__What you should do__.
Before anything else, drop the pictures; then return exactly the lines from the top of the listing through the line with "Już na progu".
☆ ☆ ☆
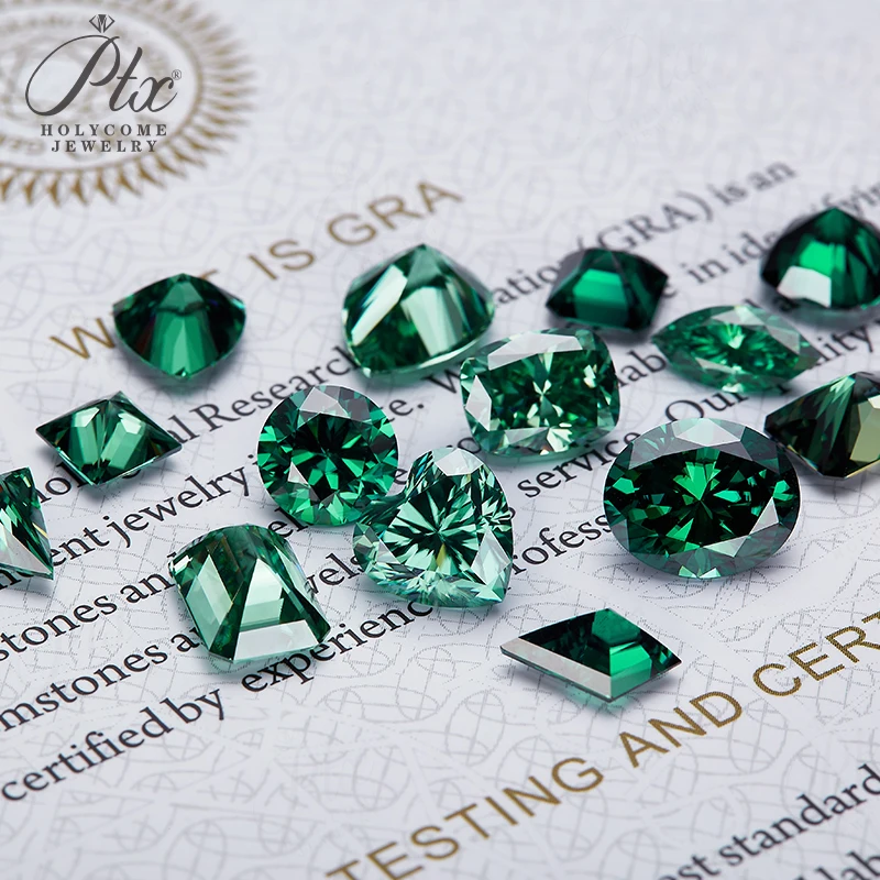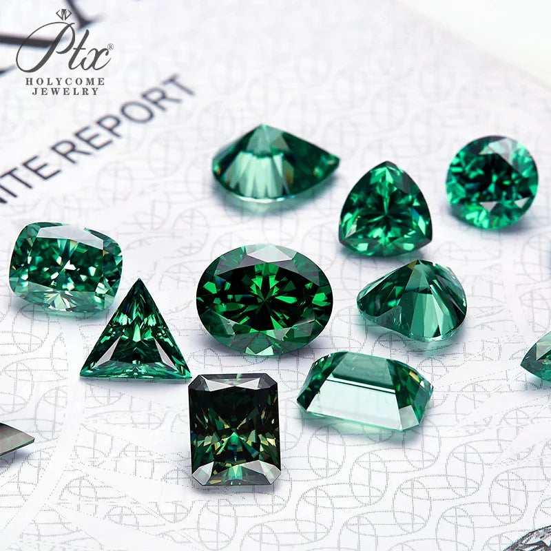 Green Moissanite VVS1 8 Hearts & 8 Arrows Round/Oval/Heart Shapes High Brilliance Loose Stones for Custom Fine Jewelry Designs
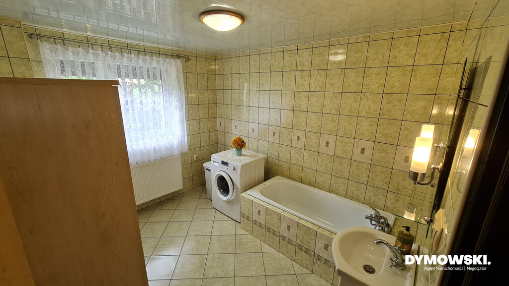 Już na progu znajduje się wiatrołap oraz dostęp do kotłowni, co sprawia, że organizacja przestrzeni jest nie tylko estetyczna, ale także funkcjonalna. Wnętrze budynku zachwyca przestronnym salonem, w pełni wyposażoną kuchnią z barkiem oraz spiżarnią . Praktyczne rozwiązania idą w parze z luksusem, a toaleta oraz oddzielna łazienka z wanną są tego doskonałym przykładem. Piętro budynku osiągniesz za pomocą pięknych drewnianych schodów. To tu znajdują się 3 przestronne pokoje , z czego jeden z nich posiada wyjście na balkon . Dodatkowo, istnieje wyjście na strych, co daje wiele możliwości aranżacyjnych.
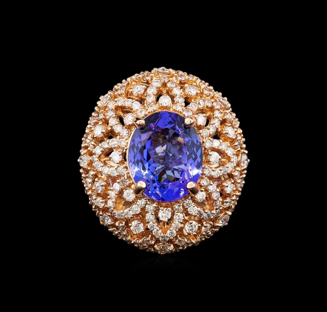 One electronically tested 14KT rose gold ladies cast tanzanite and diamond ring with a bright polish finish. Identified with markings of "14K". Condition is new. Containing: One prong set oval modified brilliant cut natural tanzanite, measuring 11.20 x 9.20 x 5.99mm, approximate weight of 4.34ct., clarity is eye clean, type I, medium, moderately strong, violet color, (GIA V 5/4), cut is good. Two Hundred Eighty prong set round brilliant cut diamonds, measuring 2.00 - 1.20 x 0.96mm (depth est.) approximate total weight of 280 Stones = 2.00 ct. Clarity: SI-2 to I-1. Color: H - I, Cut is Good. Colored gemstones are presumed to have been subjected to commonly used enhancement processes. All diamonds and colored gemstones are graded in the mounting, unless otherwise stated. Total Weight of Colored Stones 4.34ct. Total Weight of Diamonds 2.00 ct. Total Weight of Ring 9.50 grams. GGL Appraised.
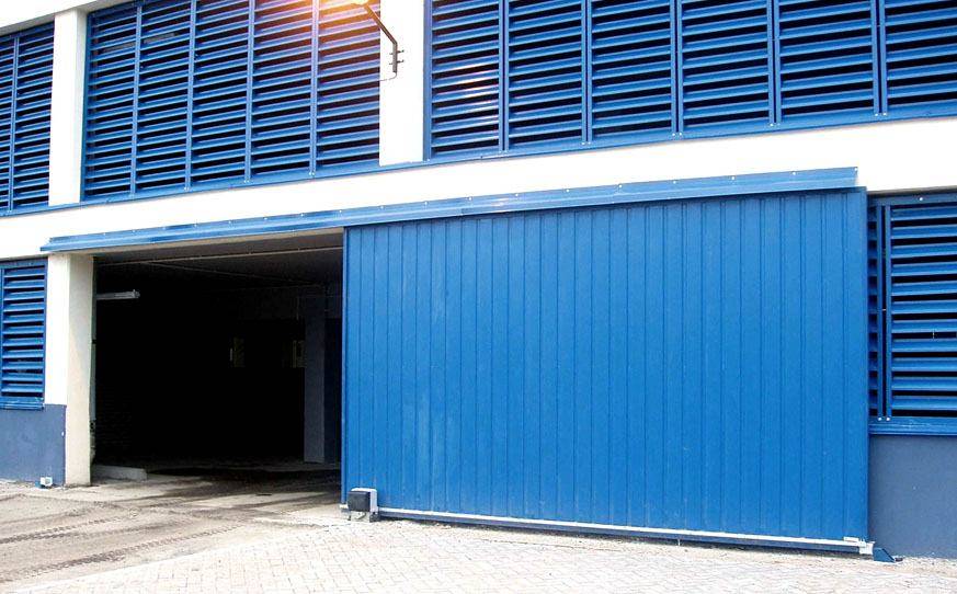 Первые два типа активно возводились в прошлом веке, они и сейчас работают на сохранившихся предприятиях. Полотно ворот двигалось по направляющим на роликах; подвесные ворота имели верхнюю направляющую, а рельсовые – нижнюю, подобную той, что устраивается для шкафа купе.
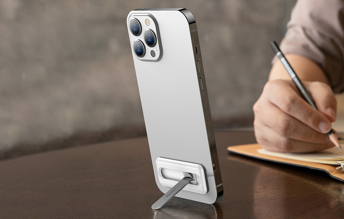 Conveniently watch videos on your phone or live stream. The self-adhesive bracket by Baseus allows you to stably place your smartphone on your desk both horizontally and vertically. Its bracket rotates 360°, you can also adjust its tilt up to 90° and height. The stand won't interfere with wireless charging, and it's incredibly easy to install - just clean the back of your phone and then stick it on.
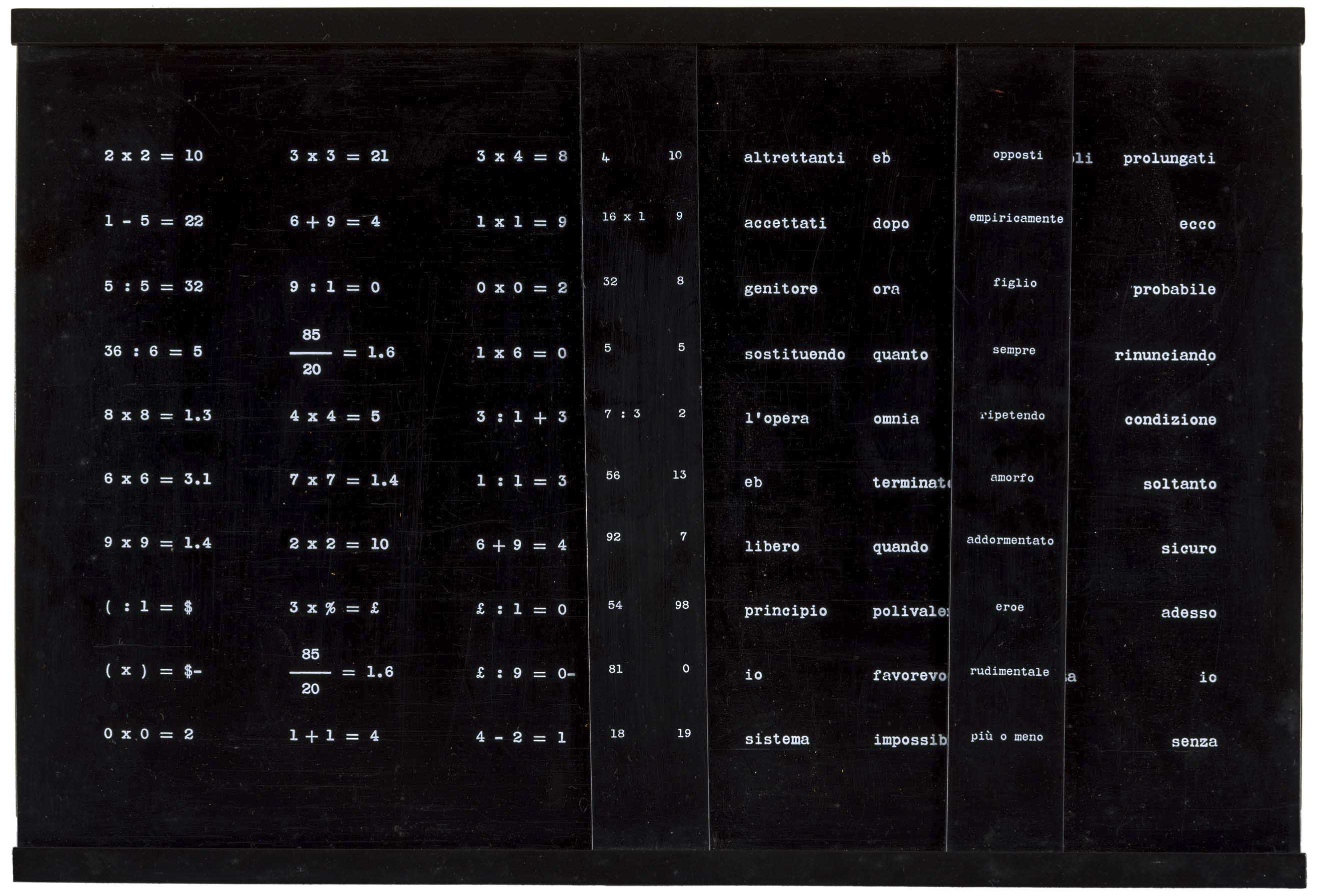 Multiplo in plexiglass, es. 117/150, Edizioni Giampaolo Prearo, Milano, accompagnato dal libro d'artista 'Tesi' (Prima edizione, tiratura in 2.000 esemplari).
☆ ☆ ☆
__Solution for this exercise__.
 Green Moissanite VVS1 8 Hearts & 8 Arrows Round/Oval/Heart Shapes High Brilliance Loose Stones for Custom Fine Jewelry Designs
 Już na progu znajduje się wiatrołap oraz dostęp do kotłowni, co sprawia, że organizacja przestrzeni jest nie tylko estetyczna, ale także funkcjonalna. Wnętrze budynku zachwyca przestronnym salonem, w pełni wyposażoną kuchnią z barkiem oraz spiżarnią . Praktyczne rozwiązania idą w parze z luksusem, a toaleta oraz oddzielna łazienka z wanną są tego doskonałym przykładem. Piętro budynku osiągniesz za pomocą pięknych drewnianych schodów. To tu znajdują się 3 przestronne pokoje , z czego jeden z nich posiada wyjście na balkon . Dodatkowo, istnieje wyjście na strych, co daje wiele możliwości aranżacyjnych.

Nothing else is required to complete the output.